Junning Shi v. Eric H. Holder Jr.
Junning Shi v. Eric H. Holder Jr.
Opinion
MEMORANDUM **
Junning Shi, a native and citizen of China, petitions pro se for review of the Board of Immigration Appeals’ (“BIA”) order denying his motion to reopen. We have jurisdiction under 8 U.S.C. § 1252. We review for abuse of discretion the denial of a motion to reopen. Toufighi v. Mukasey, 538 F.3d 988, 992 (9th Cir. 2008). We dismiss in part and deny in part the petition for review.
To the extent Shi seeks to challenge the BIA’s 2003 order affirming the immigration judge’s decision denying Shi’s application for asylum, withholding of removal, and relief under the Convention Against Torture, we lack jurisdiction because Shi’s petition for review is untimely as to that decision. See 8 U.S.C. § 1252(b)(1); Membreno v. Gonzales, 425 F.3d 1227, 1229 (9th Cir. 2005) (en banc).

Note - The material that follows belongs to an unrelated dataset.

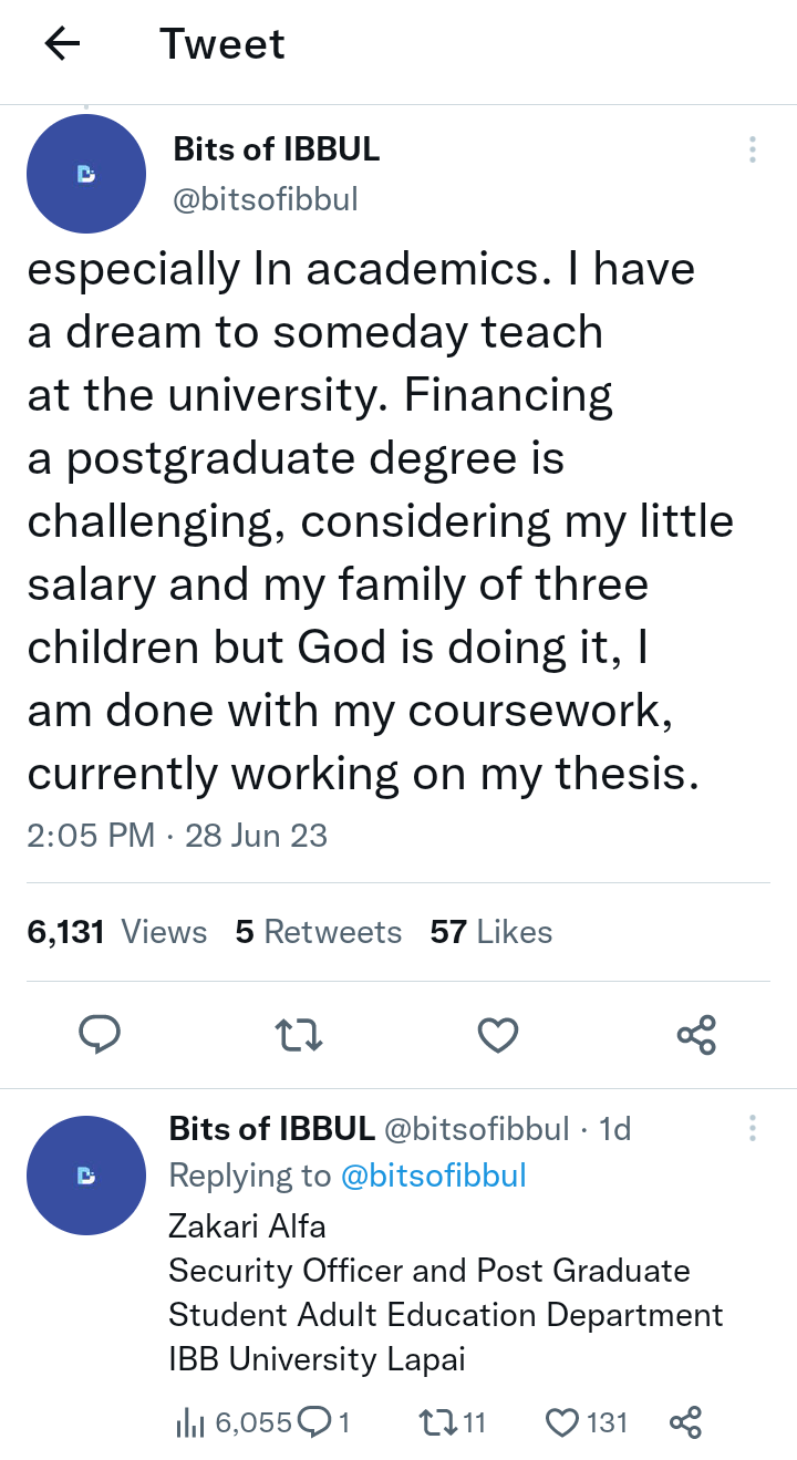 The man, whose name is Zakari Alfa, is working as a security officer at the Ibrahim Badamasi Babangida University, Lapai, Niger State, and is currently rounding off his Master's Degree programme in the Department of Adult Education in the university.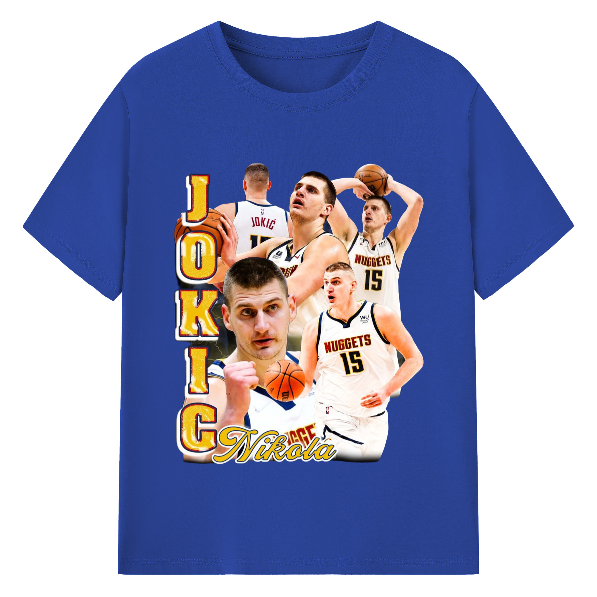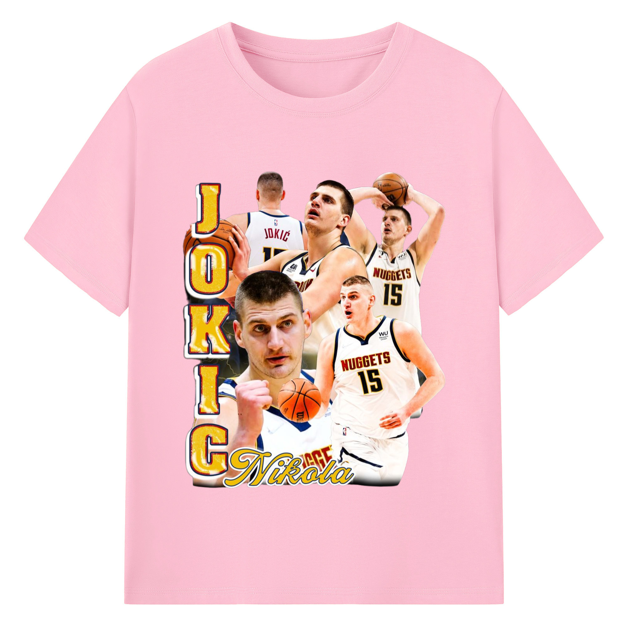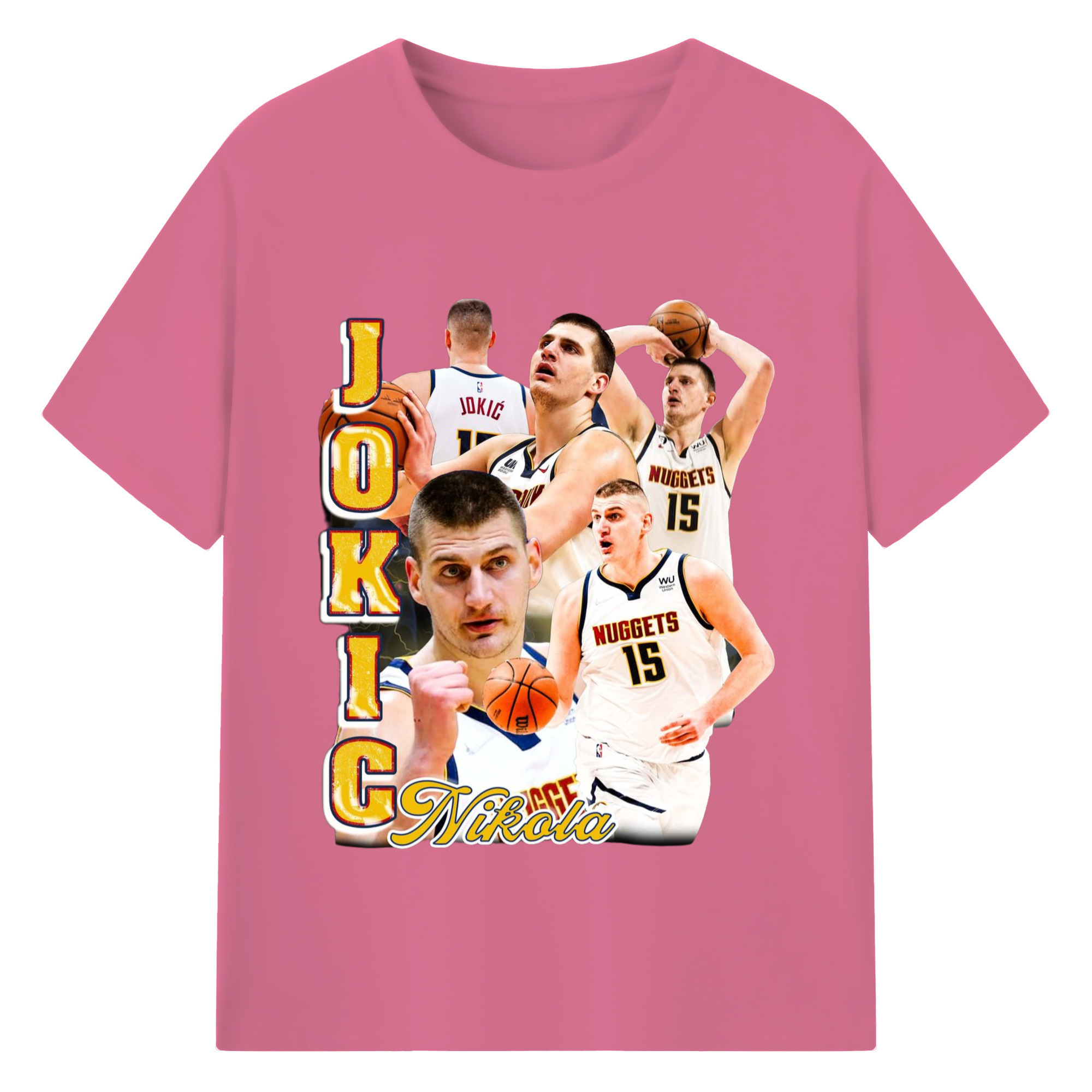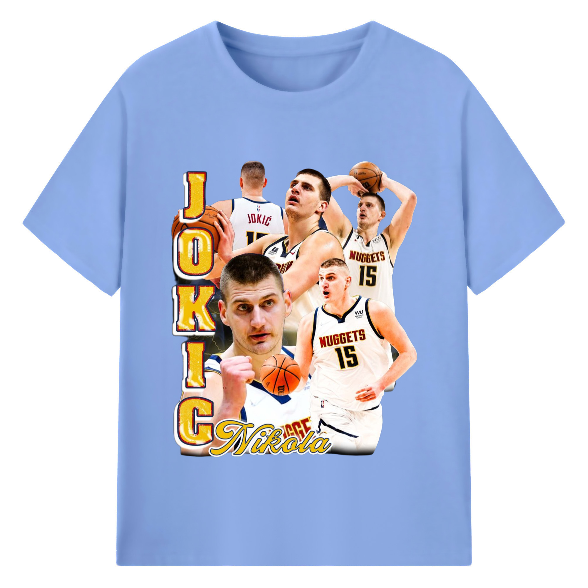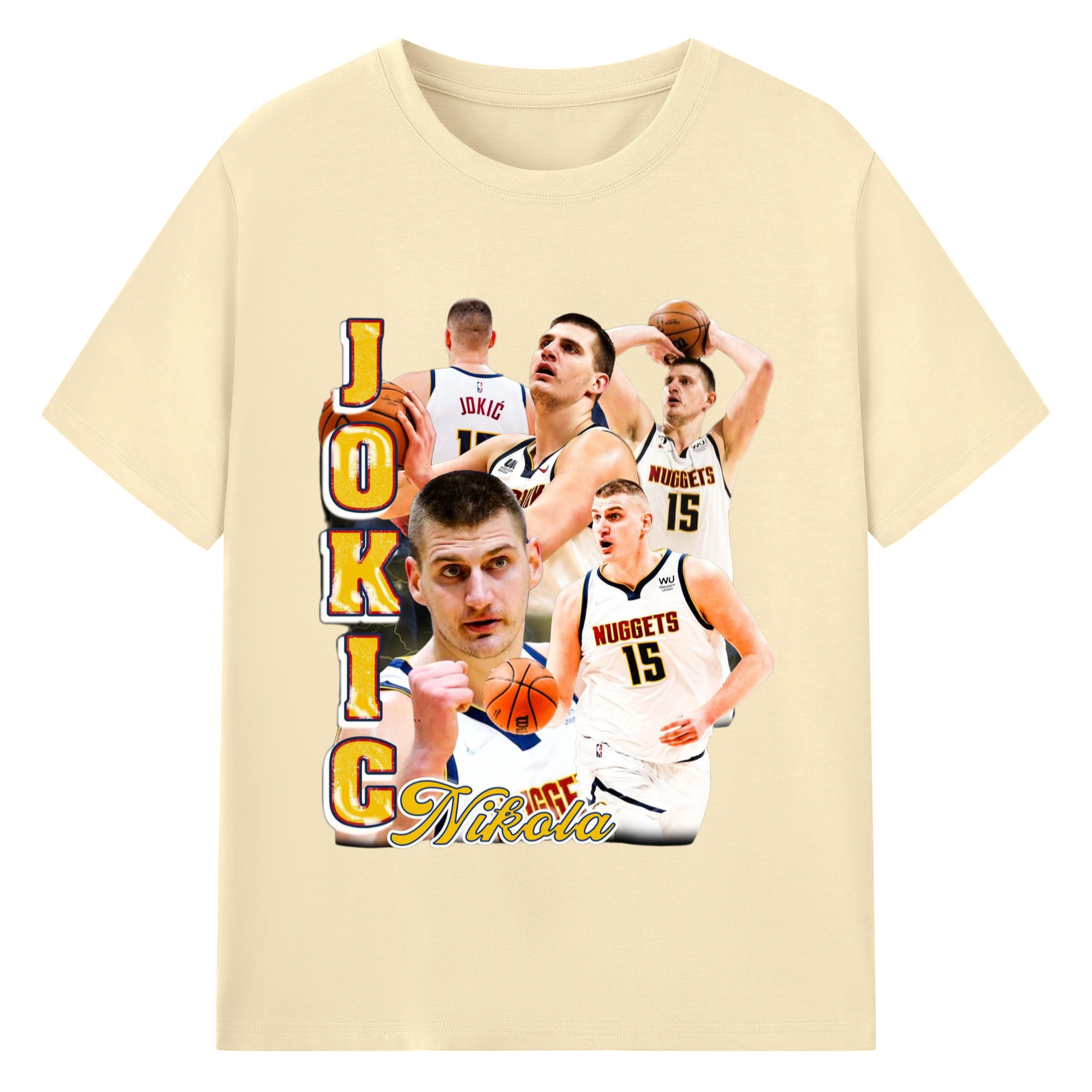 Nikola Jokic #15 Jersey collage T-shirt - 180g Cotton T-Shirt With Front Heat Transfer Print – Soft, Lightweight, Fitted Design – Comfortable Casual Wear For Sports & Everyday Use

The BIA did not abuse its discretion in denying Shi’s motion to reopen, because it was untimely, see 8 C.F.R. § 1003.2(c)(2), and Shi failed to present sufficient evidence of changed circumstances in order to qualify for the regulatory exception to the time limit for filing motions to reopen, 8 C.F.R. § 1003.2(c)(3)(ii); see also Toufi-ghi, 538 F.3d at 996-97 (requiring movant to produce material evidence with motion to reopen that conditions in country of nationality had changed).
PETITION FOR REVIEW DISMISSED in part; DENIED in part.
This disposition is not appropriate for publication and is not precedent except as provided by 9th Cir. R. 36-3.